WHAT TO DO: The listing below holds pictures; exclude them. Return exactly the lines from the one with "ജിഷയുടെ കൊലപാതകത്തില് നീതിപൂര്വ്വമായ" through the one with "2. 專用吊具:自動(dòng)掛鉤和摘鉤; 3.".

AVAILABLE DATA:
▶

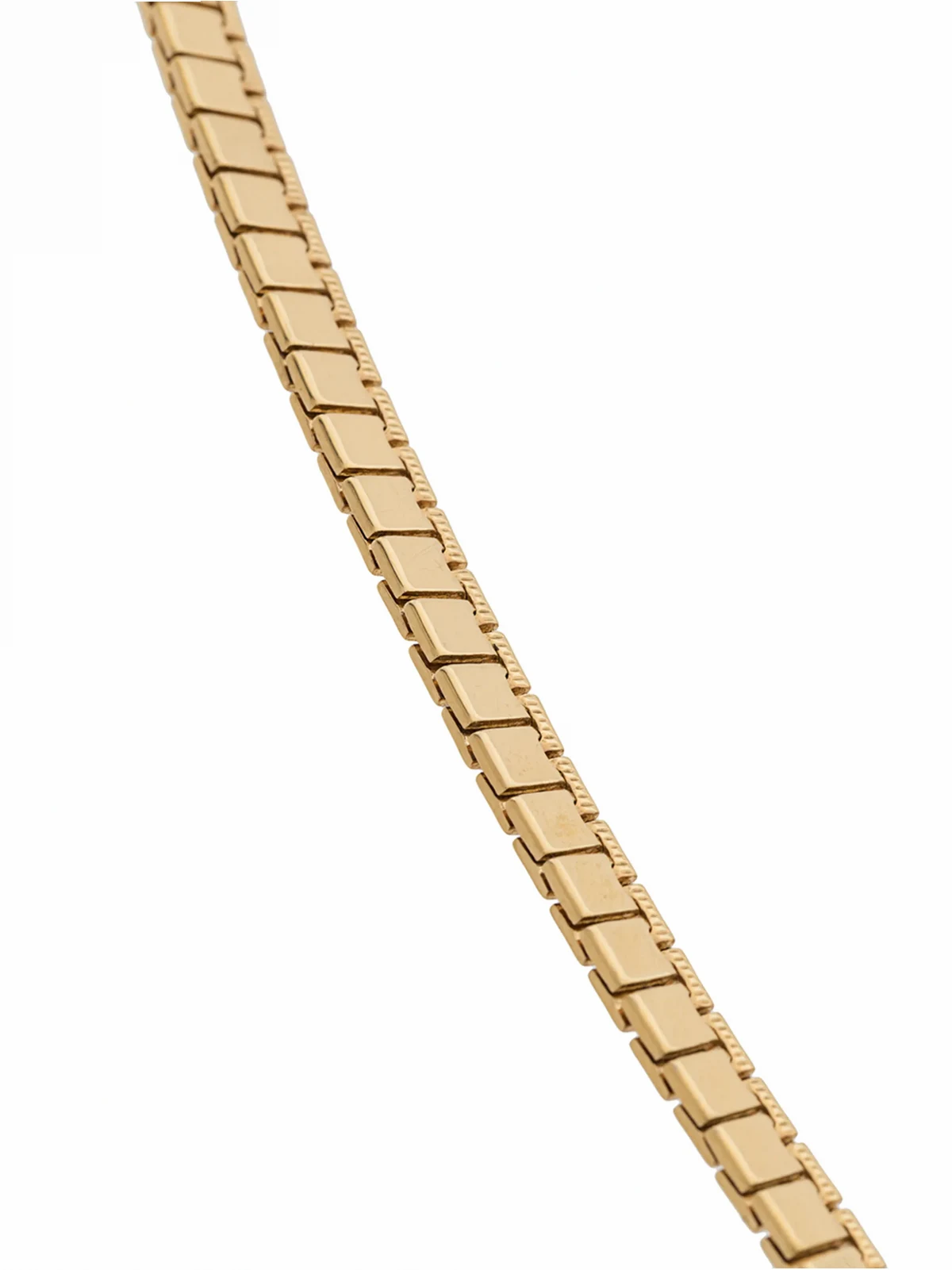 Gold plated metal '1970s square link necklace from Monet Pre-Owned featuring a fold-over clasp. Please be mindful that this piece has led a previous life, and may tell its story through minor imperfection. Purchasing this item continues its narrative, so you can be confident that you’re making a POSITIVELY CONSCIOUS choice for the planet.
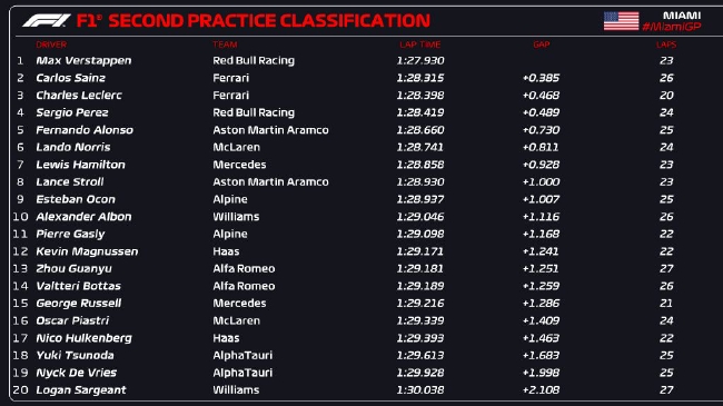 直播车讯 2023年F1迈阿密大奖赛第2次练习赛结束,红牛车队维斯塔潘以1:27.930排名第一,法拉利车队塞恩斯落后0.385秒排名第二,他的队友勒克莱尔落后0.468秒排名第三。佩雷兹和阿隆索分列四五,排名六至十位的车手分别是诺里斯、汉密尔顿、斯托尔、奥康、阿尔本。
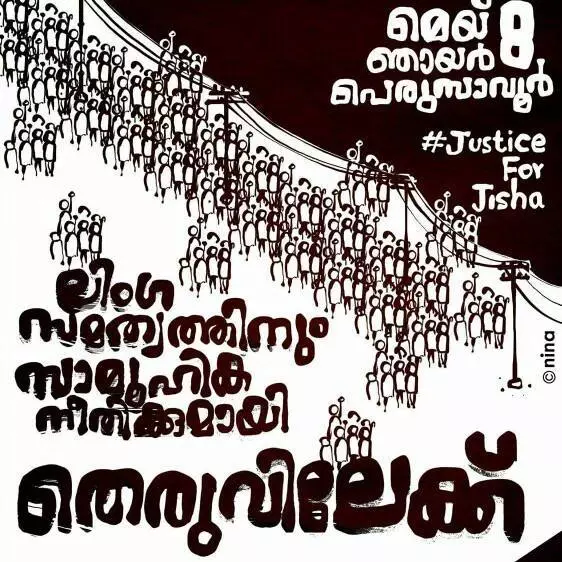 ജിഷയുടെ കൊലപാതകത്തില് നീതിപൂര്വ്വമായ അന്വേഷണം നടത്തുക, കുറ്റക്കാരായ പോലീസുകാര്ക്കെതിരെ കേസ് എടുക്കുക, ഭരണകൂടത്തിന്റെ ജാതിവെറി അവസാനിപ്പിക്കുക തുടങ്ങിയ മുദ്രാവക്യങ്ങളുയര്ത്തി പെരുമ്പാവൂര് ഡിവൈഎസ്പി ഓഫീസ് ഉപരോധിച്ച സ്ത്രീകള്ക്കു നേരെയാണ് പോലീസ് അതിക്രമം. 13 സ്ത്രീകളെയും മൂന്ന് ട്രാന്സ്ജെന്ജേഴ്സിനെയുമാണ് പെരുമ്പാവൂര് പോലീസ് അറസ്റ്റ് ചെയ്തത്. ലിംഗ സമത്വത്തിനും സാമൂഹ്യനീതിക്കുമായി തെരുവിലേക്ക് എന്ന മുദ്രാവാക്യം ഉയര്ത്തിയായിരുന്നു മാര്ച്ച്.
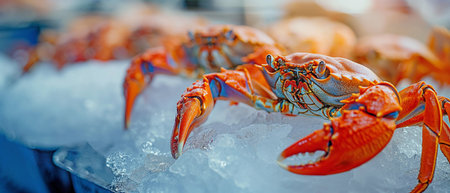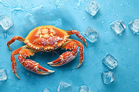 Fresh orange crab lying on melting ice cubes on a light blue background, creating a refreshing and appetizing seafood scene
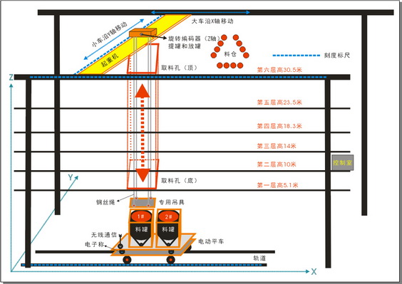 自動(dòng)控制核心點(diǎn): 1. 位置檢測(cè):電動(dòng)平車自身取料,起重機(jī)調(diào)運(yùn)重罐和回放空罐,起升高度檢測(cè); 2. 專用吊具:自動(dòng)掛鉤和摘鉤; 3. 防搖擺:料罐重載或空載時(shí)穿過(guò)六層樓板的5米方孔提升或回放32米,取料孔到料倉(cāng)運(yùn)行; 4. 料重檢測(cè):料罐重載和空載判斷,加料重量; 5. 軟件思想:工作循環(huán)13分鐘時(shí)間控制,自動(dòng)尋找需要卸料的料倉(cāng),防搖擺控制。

◀
▶

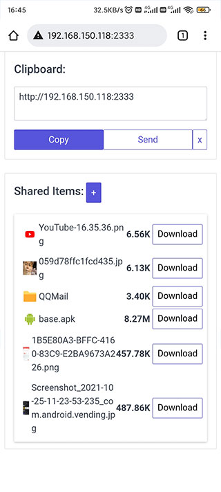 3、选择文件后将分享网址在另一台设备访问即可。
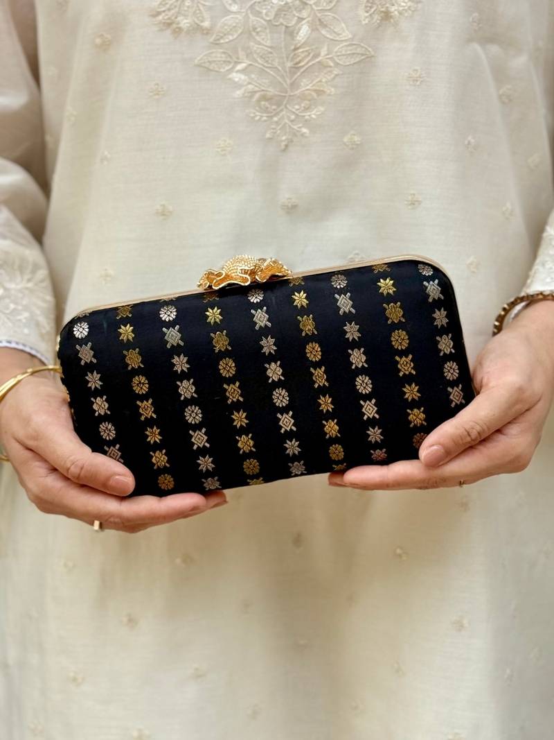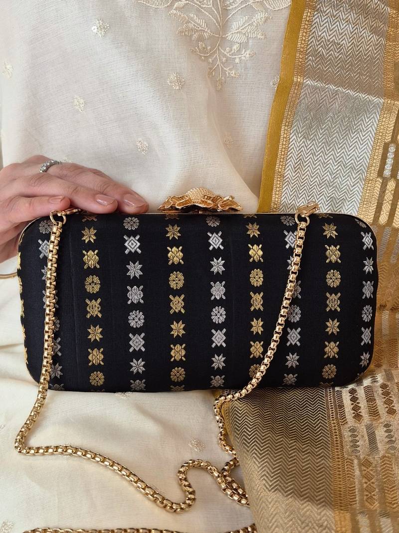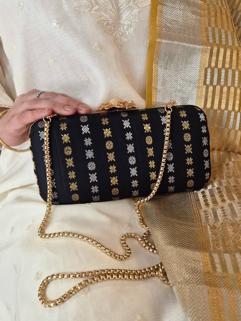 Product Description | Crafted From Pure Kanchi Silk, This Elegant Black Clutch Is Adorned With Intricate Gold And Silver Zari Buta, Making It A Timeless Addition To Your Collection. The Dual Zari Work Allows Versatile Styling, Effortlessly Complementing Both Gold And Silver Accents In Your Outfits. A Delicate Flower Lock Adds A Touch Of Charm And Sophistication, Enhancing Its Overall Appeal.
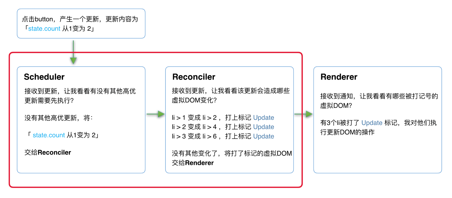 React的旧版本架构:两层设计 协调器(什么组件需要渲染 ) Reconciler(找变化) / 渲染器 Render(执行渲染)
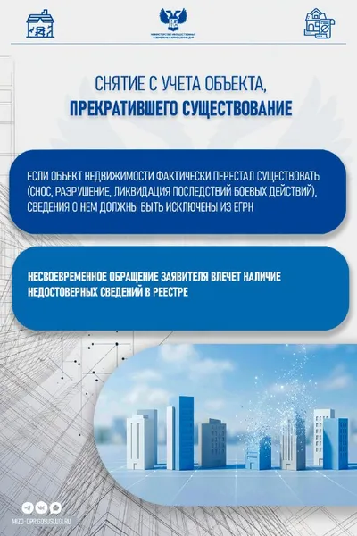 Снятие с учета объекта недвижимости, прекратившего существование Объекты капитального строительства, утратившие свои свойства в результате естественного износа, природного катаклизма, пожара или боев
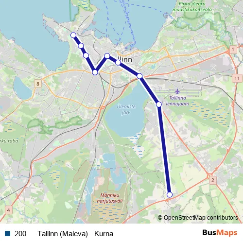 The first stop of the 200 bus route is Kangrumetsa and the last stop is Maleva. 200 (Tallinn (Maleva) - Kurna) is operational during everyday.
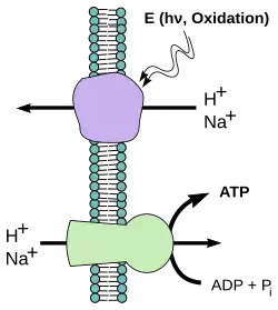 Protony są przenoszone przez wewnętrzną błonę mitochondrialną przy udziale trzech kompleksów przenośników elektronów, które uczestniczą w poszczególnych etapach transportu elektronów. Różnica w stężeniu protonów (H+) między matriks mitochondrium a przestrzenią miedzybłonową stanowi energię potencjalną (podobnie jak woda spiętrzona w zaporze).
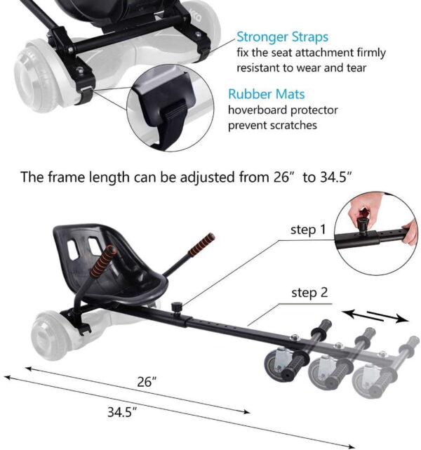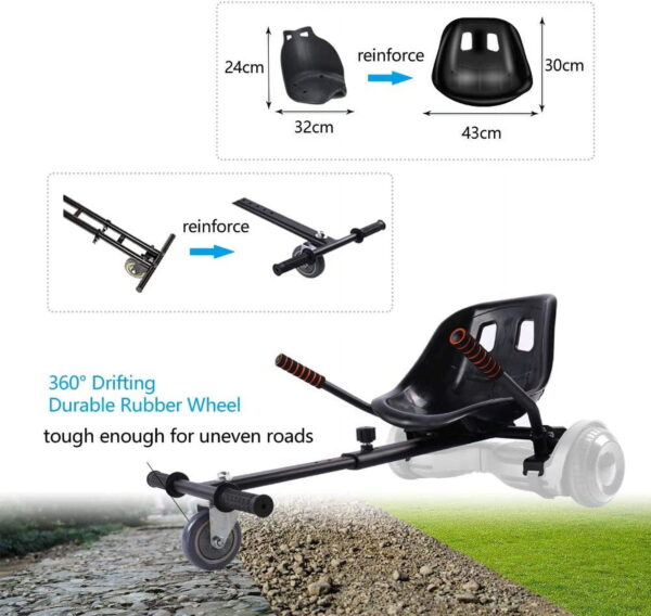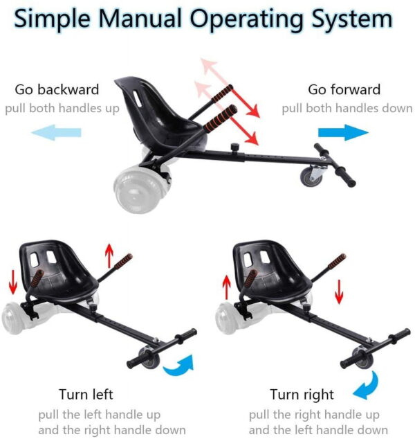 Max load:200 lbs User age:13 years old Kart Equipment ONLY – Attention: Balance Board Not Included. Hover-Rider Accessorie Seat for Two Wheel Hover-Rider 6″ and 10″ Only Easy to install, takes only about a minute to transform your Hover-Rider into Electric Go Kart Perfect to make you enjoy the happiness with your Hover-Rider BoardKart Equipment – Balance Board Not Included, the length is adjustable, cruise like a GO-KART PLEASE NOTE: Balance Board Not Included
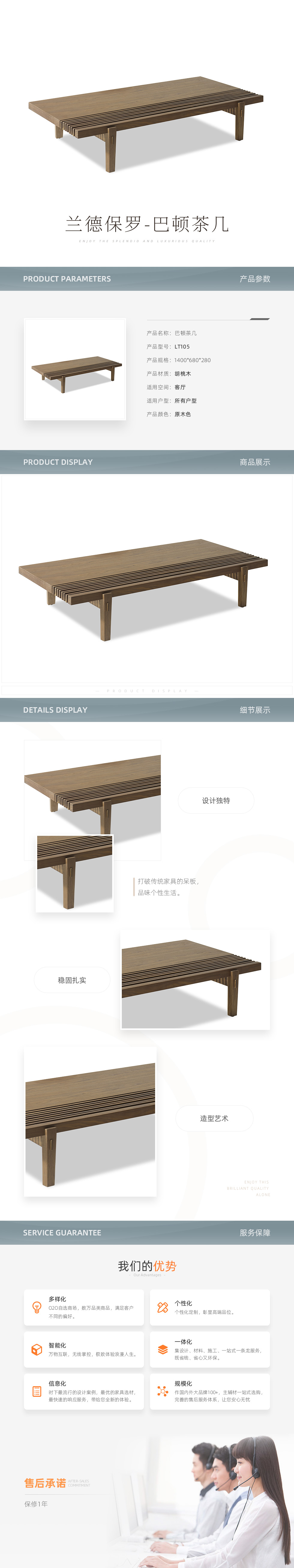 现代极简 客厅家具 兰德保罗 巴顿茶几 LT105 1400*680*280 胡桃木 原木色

◀

WRITTEN ANSWER:
 ജിഷയുടെ കൊലപാതകത്തില് നീതിപൂര്വ്വമായ അന്വേഷണം നടത്തുക, കുറ്റക്കാരായ പോലീസുകാര്ക്കെതിരെ കേസ് എടുക്കുക, ഭരണകൂടത്തിന്റെ ജാതിവെറി അവസാനിപ്പിക്കുക തുടങ്ങിയ മുദ്രാവക്യങ്ങളുയര്ത്തി പെരുമ്പാവൂര് ഡിവൈഎസ്പി ഓഫീസ് ഉപരോധിച്ച സ്ത്രീകള്ക്കു നേരെയാണ് പോലീസ് അതിക്രമം. 13 സ്ത്രീകളെയും മൂന്ന് ട്രാന്സ്ജെന്ജേഴ്സിനെയുമാണ് പെരുമ്പാവൂര് പോലീസ് അറസ്റ്റ് ചെയ്തത്. ലിംഗ സമത്വത്തിനും സാമൂഹ്യനീതിക്കുമായി തെരുവിലേക്ക് എന്ന മുദ്രാവാക്യം ഉയര്ത്തിയായിരുന്നു മാര്ച്ച്.
 Fresh orange crab lying on melting ice cubes on a light blue background, creating a refreshing and appetizing seafood scene
 自動(dòng)控制核心點(diǎn): 1. 位置檢測(cè):電動(dòng)平車自身取料,起重機(jī)調(diào)運(yùn)重罐和回放空罐,起升高度檢測(cè); 2. 專用吊具:自動(dòng)掛鉤和摘鉤; 3. 防搖擺:料罐重載或空載時(shí)穿過(guò)六層樓板的5米方孔提升或回放32米,取料孔到料倉(cāng)運(yùn)行; 4. 料重檢測(cè):料罐重載和空載判斷,加料重量; 5. 軟件思想:工作循環(huán)13分鐘時(shí)間控制,自動(dòng)尋找需要卸料的料倉(cāng),防搖擺控制。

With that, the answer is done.